Prototype · April 20, 2026
Building faster than design cycles: 1-tap trade
Shipping product decisions used to take weeks.
While building a 1-tap trading system, I used tools like Claude Code and Cursor to prototype real behavior in days—before writing production code.
This changed not just how fast we shipped, but how we made decisions: behavior replaced speculation.
The prototype
This started as a simple question. What would trading look like if it took 1 tap instead of 4?
Within days, I built a working prototype. I went from idea to test in under a week and time to first user signal dropped from weeks to days.
Instead of handing off a long spec, I shared a working build. My designer and I iterated quickly, rebuilding the prototype against refined designs.

The result: a production-ready 1-tap trading prototype currently in internal testing. Tap a preset ($5, $25, $50, 100% sell) to execute a buy or sell instantly.

Early demos showed a clear preference for the 1-tap flow, especially among high-frequency traders, validating demand for faster trade execution. It also exposed the need to reduce visual clutter and simplify the UI.

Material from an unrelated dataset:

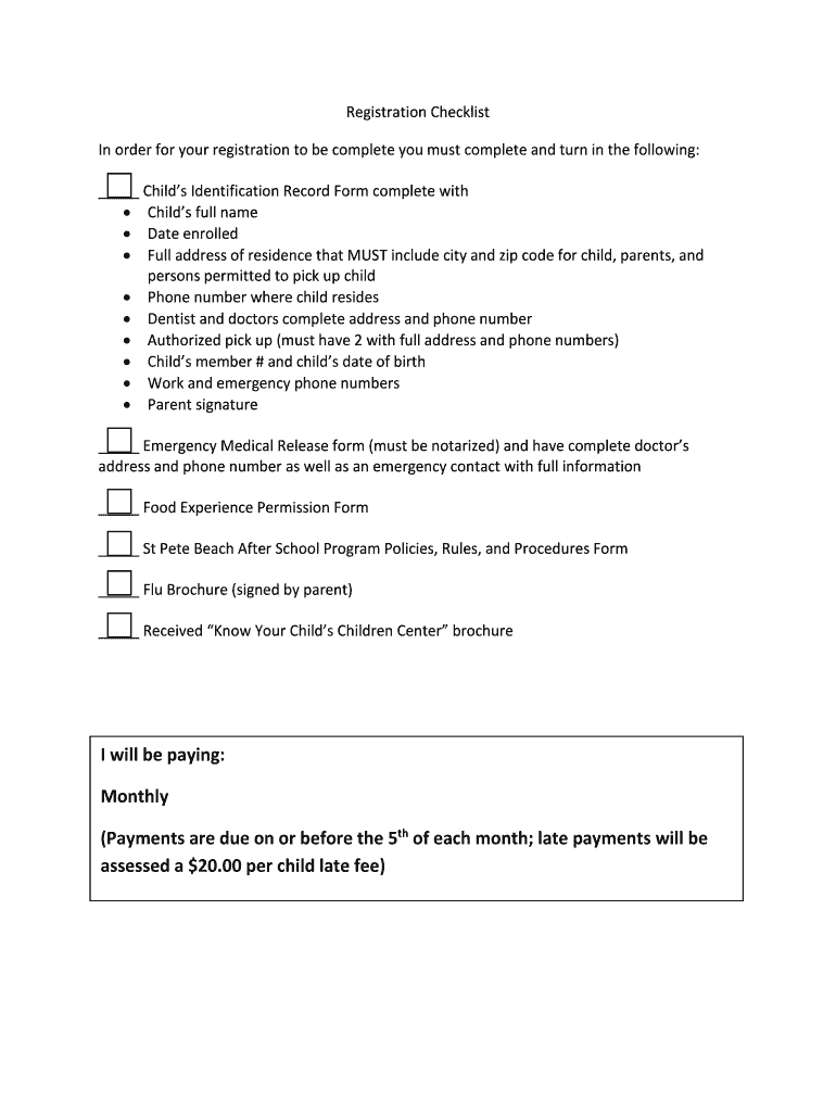 Registration Checklist In order for your registration to be complete you must complete and turn in the following: Child's Identification Record Form complete with Child's full name Date enrolled Full
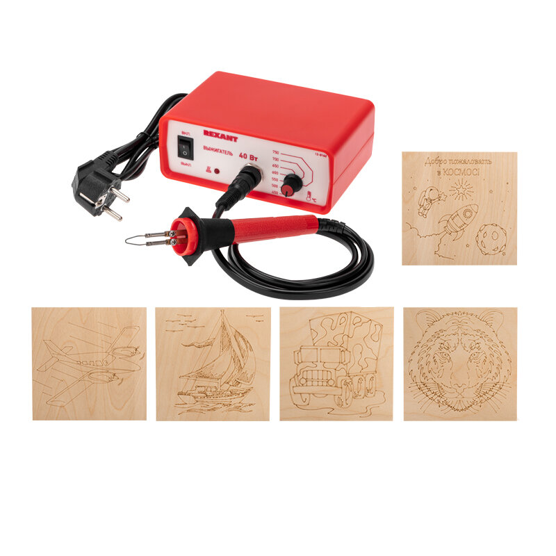 Набор для выжигания по дереву - аппарат 40 Вт и 5 досок серия "Для мальчиков" REXANT

Why the existing flow breaks
Executing a trade today requires navigating multiple screens. The system relied on friction for safety, instead of designing for correctness.
Most users dropped off at the preview screen. Not due to low intent, but friction in the flow. In fast-moving markets (memecoins, leverage), latency directly impacts trade outcomes. Speed is the product.
“I had several occasions where Coinbase wasn't allowing me to make any transactions — which is crucial when trading DEX coins because every second counts.”
— Whale trader
Over time, the flow accumulated complexity as upsells and new products layered onto an outdated system.
Designing for speed without breaking safety
The challenge wasn't just removing friction. It was designing a system that executes instantly while remaining correct, predictable, and recoverable under failure.
In a 1-tap flow, there's no buffer. Every interaction becomes a high-stakes system decision.
Tap → loading → success toast communicates execution without reintroducing friction. Users see progress without needing a confirmation screen.
Instant trading is opt-in only. This removes the need for repeated confirmations while letting users choose the risk level they're comfortable with.
The sell chip is dynamic. It only appears when a user has a balance. Disabled states create noise, so during and post-trade updates had to be airtight for the flow to feel seamless.
Removing the preview screen makes execution deterministic. The system must either execute correctly or fail transparently, introducing new failure modes: stale balances, failed execution, or unintended trades.
Optimizing the trading loop
The question is whether removing friction changes user behavior.
Faster execution should tighten the loop. The goal wasn't just speed—it was increasing user confidence per interaction.
Key signals:
- Activation: first chip tap
- Retention: repeat trading without reverting to the full flow
- Expansion: increasing trade frequency and order size over time
If trade frequency and volume compound per user, it indicates the system is increasing user confidence—not just speed.
Speed also introduces risk. Guardrails I'd monitor include:
- Execution success rate
- Mismatch between expected vs. executed trades
- User complaints for unintended actions
These indicate whether the system is behaving correctly under real market conditions.
What prototyping changed for me
Prototyping compressed decision cycles from weeks to days and surfaced system behavior before we committed to building it.
My initial concept went from prototype to stakeholder alignment to a greenlit direction in under a week. This happened before any engineering investment.
It surfaced edge cases early and turned weeks of design iteration into days. Work that would have sat in the backlog moved forward.
This changed how I build:
- Decisions emerge through building, not specs. Edge cases and UX breakdowns only surface once the product is real.
- Prototypes collapse feedback loops. Stakeholders react to behavior, not mocks. Alignment is faster and iteration cycles are shorter.
How this shaped my approach to AI products
The fastest path to AI adoption is reducing time to value.
At Coinbase, AI only became useful once it was integrated into my workflows and could access and act on real context across tools like Figma, Slack, and internal systems. Without that, even strong models delivered little value.
AI collapses multi-step workflows into intent-driven actions, but shifts complexity into system behavior. The challenge is no longer navigation. It is ensuring outputs are correct, predictable, and trustworthy across dynamic states.
This introduces new tradeoffs between speed, control, and reliability. Optimizing for one often degrades the others.
The product challenge shifts from designing flows to designing system behavior under uncertainty. 1-tap trading applies this directly. Collapsing a multi-step flow into a single action shifts the problem from guiding users through steps to ensuring the system executes correctly, predictably, and safely.
Prototyping becomes critical in this context. In AI systems, correctness is not fully designed upfront. It is discovered and refined through interaction.